Assignment
Look below for the line holding "花葶连同幼嫩的假鳞茎和叶从靠" and the line holding "Das sich ständig". Transcribe exactly those lines and all lines between them, nothing more.

Dataset entries

----------

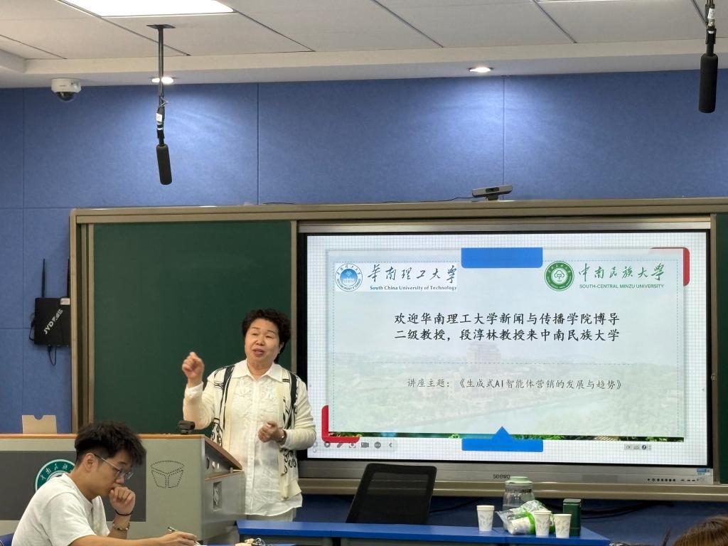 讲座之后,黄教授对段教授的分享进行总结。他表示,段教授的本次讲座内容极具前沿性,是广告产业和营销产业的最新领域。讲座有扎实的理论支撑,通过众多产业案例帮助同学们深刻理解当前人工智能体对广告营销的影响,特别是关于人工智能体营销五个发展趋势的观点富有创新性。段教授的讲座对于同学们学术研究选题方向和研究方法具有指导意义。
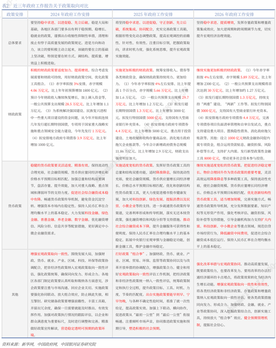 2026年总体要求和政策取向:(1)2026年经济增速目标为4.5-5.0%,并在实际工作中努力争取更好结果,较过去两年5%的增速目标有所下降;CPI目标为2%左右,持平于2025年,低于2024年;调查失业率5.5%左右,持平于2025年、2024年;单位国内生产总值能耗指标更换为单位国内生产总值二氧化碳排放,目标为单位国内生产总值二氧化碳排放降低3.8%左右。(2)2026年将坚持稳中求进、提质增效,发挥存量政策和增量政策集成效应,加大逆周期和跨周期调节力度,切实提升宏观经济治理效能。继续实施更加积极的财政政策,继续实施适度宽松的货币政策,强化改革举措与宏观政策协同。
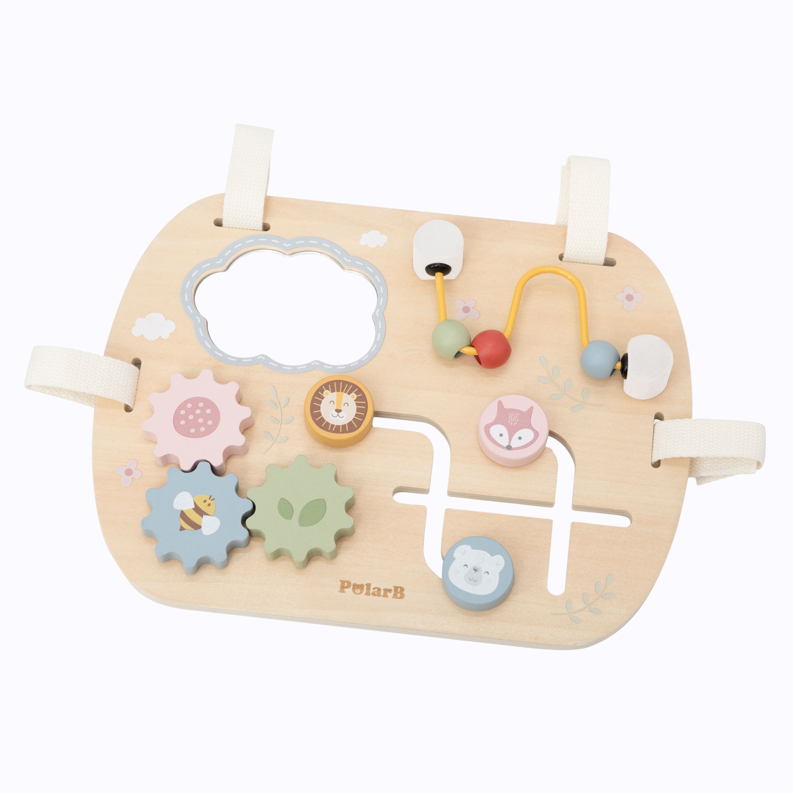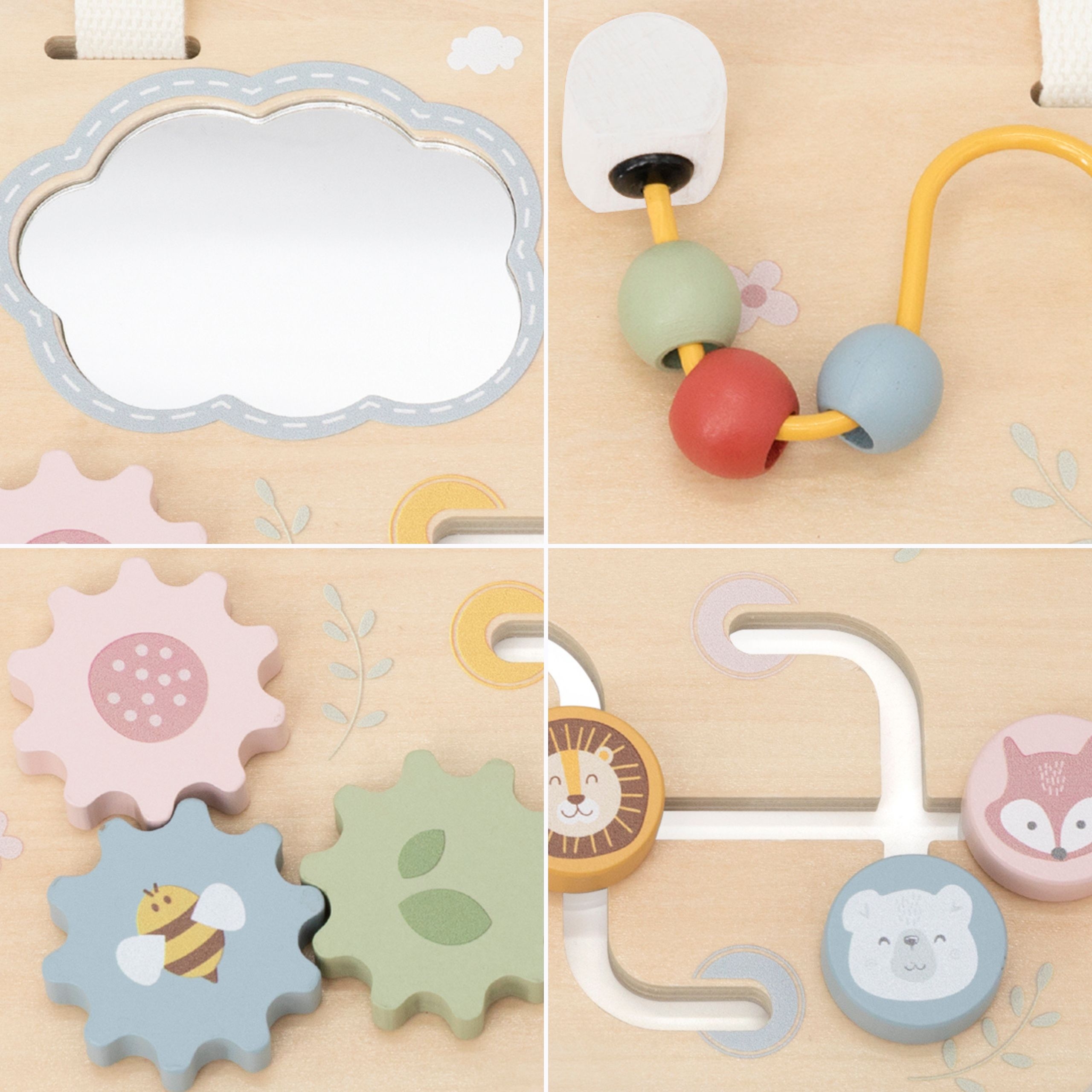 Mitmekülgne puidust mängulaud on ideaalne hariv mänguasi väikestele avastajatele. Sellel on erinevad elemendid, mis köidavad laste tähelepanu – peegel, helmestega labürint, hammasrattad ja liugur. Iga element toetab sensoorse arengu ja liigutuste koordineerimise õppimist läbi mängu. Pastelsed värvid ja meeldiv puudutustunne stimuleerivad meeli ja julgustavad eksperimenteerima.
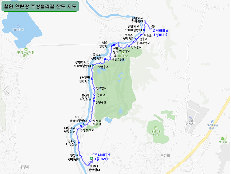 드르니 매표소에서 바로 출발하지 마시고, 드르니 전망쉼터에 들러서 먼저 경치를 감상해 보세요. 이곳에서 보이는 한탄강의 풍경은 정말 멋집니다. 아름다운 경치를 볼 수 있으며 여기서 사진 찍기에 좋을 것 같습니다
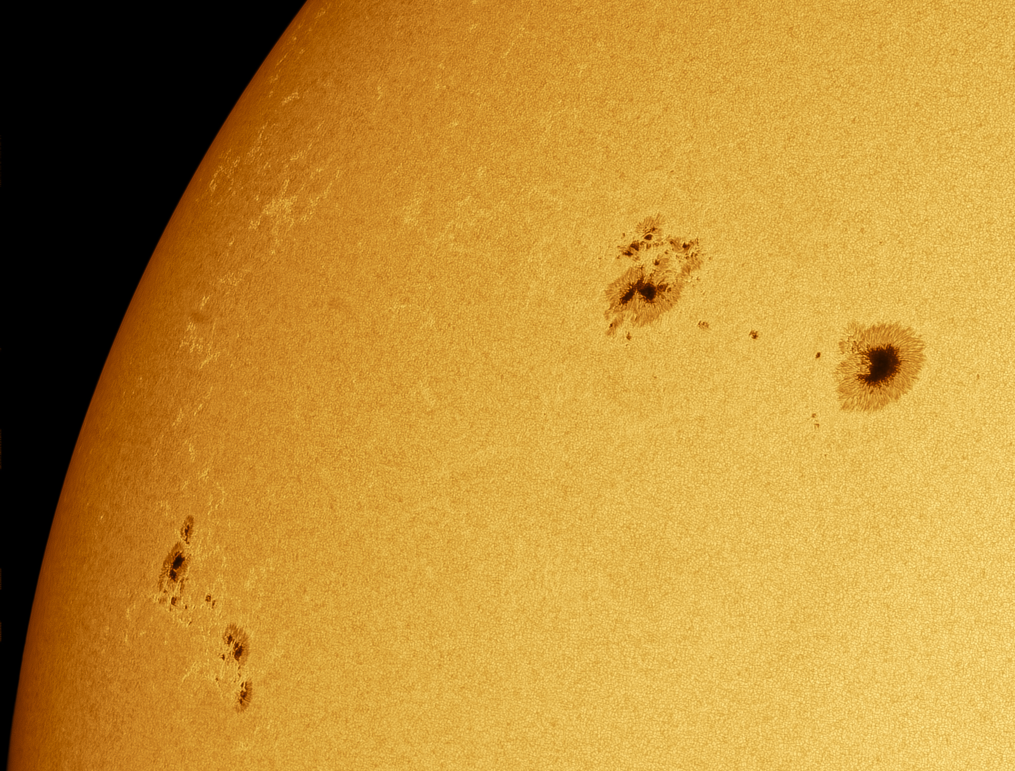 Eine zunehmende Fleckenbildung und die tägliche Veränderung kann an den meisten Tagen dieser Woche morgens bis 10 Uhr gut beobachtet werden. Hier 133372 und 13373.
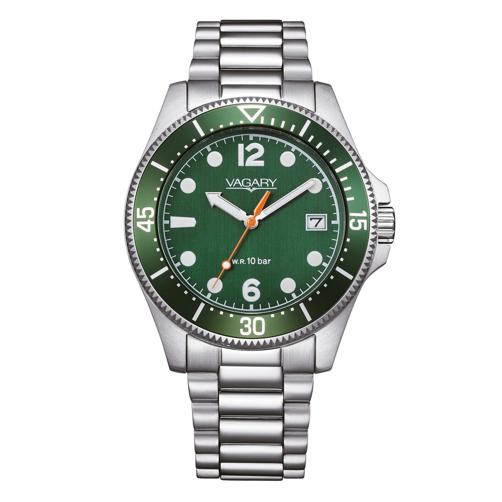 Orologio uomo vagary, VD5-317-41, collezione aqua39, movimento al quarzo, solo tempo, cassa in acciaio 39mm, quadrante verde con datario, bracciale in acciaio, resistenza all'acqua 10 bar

----------

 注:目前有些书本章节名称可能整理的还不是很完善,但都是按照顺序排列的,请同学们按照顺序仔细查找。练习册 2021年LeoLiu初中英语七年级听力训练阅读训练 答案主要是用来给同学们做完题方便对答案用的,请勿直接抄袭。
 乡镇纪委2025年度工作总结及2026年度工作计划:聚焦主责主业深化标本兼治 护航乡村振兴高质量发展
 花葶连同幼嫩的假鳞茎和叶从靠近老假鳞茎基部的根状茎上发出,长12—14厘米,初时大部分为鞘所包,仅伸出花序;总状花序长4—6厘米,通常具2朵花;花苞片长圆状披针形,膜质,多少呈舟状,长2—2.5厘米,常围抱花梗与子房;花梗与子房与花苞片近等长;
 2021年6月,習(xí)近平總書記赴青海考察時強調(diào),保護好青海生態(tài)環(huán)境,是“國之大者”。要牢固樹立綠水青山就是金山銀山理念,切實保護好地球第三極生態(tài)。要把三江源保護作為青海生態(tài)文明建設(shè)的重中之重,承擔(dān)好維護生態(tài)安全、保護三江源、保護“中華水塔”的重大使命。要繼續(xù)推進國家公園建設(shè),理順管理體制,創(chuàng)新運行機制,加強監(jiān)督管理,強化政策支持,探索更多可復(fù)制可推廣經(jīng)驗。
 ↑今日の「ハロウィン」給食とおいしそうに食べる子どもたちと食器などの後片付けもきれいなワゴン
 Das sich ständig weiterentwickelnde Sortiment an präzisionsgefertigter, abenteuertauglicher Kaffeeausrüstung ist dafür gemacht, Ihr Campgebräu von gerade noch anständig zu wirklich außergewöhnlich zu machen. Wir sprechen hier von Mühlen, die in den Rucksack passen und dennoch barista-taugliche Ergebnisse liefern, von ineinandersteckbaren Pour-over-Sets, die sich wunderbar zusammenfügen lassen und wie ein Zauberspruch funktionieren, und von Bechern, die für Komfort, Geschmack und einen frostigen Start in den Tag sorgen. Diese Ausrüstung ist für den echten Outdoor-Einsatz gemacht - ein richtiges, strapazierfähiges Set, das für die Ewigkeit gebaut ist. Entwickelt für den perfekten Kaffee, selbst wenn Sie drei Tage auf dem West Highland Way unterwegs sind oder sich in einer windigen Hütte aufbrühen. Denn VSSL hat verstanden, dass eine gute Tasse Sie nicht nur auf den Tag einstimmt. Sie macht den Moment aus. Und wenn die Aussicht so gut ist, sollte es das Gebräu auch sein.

----------

Answer to the problem
 花葶连同幼嫩的假鳞茎和叶从靠近老假鳞茎基部的根状茎上发出,长12—14厘米,初时大部分为鞘所包,仅伸出花序;总状花序长4—6厘米,通常具2朵花;花苞片长圆状披针形,膜质,多少呈舟状,长2—2.5厘米,常围抱花梗与子房;花梗与子房与花苞片近等长;
 2021年6月,習(xí)近平總書記赴青海考察時強調(diào),保護好青海生態(tài)環(huán)境,是“國之大者”。要牢固樹立綠水青山就是金山銀山理念,切實保護好地球第三極生態(tài)。要把三江源保護作為青海生態(tài)文明建設(shè)的重中之重,承擔(dān)好維護生態(tài)安全、保護三江源、保護“中華水塔”的重大使命。要繼續(xù)推進國家公園建設(shè),理順管理體制,創(chuàng)新運行機制,加強監(jiān)督管理,強化政策支持,探索更多可復(fù)制可推廣經(jīng)驗。
 ↑今日の「ハロウィン」給食とおいしそうに食べる子どもたちと食器などの後片付けもきれいなワゴン
 Das sich ständig weiterentwickelnde Sortiment an präzisionsgefertigter, abenteuertauglicher Kaffeeausrüstung ist dafür gemacht, Ihr Campgebräu von gerade noch anständig zu wirklich außergewöhnlich zu machen. Wir sprechen hier von Mühlen, die in den Rucksack passen und dennoch barista-taugliche Ergebnisse liefern, von ineinandersteckbaren Pour-over-Sets, die sich wunderbar zusammenfügen lassen und wie ein Zauberspruch funktionieren, und von Bechern, die für Komfort, Geschmack und einen frostigen Start in den Tag sorgen. Diese Ausrüstung ist für den echten Outdoor-Einsatz gemacht - ein richtiges, strapazierfähiges Set, das für die Ewigkeit gebaut ist. Entwickelt für den perfekten Kaffee, selbst wenn Sie drei Tage auf dem West Highland Way unterwegs sind oder sich in einer windigen Hütte aufbrühen. Denn VSSL hat verstanden, dass eine gute Tasse Sie nicht nur auf den Tag einstimmt. Sie macht den Moment aus. Und wenn die Aussicht so gut ist, sollte es das Gebräu auch sein.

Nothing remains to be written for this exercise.